* [What is being asked]: Pictures in the records below must be left out. Return exactly the lines from the line with "Бизнесмен заполняет электронную" to the line with "Embrace the spirit", both included.

* [Extracted entries]:
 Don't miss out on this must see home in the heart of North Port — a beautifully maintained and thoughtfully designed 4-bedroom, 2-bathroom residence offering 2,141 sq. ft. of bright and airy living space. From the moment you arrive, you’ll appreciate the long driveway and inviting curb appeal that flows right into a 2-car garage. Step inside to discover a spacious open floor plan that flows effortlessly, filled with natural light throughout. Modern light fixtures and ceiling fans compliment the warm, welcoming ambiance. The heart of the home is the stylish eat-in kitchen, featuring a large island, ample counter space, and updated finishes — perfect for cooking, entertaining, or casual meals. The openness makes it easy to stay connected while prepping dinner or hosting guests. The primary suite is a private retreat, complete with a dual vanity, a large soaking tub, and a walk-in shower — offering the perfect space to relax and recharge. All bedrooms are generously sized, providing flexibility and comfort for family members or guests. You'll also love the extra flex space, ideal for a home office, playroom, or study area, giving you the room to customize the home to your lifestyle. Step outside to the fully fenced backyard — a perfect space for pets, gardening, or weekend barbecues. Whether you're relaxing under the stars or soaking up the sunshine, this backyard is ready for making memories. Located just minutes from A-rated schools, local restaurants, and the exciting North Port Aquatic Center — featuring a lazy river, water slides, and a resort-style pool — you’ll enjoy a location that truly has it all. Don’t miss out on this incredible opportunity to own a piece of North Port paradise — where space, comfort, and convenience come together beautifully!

---

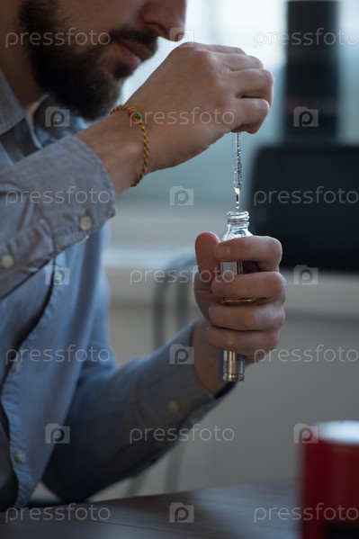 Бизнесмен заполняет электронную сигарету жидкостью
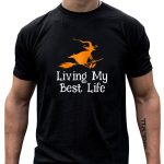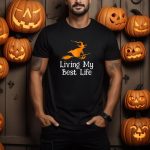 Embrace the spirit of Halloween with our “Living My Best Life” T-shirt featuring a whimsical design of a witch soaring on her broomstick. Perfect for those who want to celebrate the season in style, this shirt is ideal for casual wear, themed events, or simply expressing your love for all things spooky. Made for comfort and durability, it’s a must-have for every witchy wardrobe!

* [Completed exercise]:
 Бизнесмен заполняет электронную сигарету жидкостью
 Embrace the spirit of Halloween with our “Living My Best Life” T-shirt featuring a whimsical design of a witch soaring on her broomstick. Perfect for those who want to celebrate the season in style, this shirt is ideal for casual wear, themed events, or simply expressing your love for all things spooky. Made for comfort and durability, it’s a must-have for every witchy wardrobe!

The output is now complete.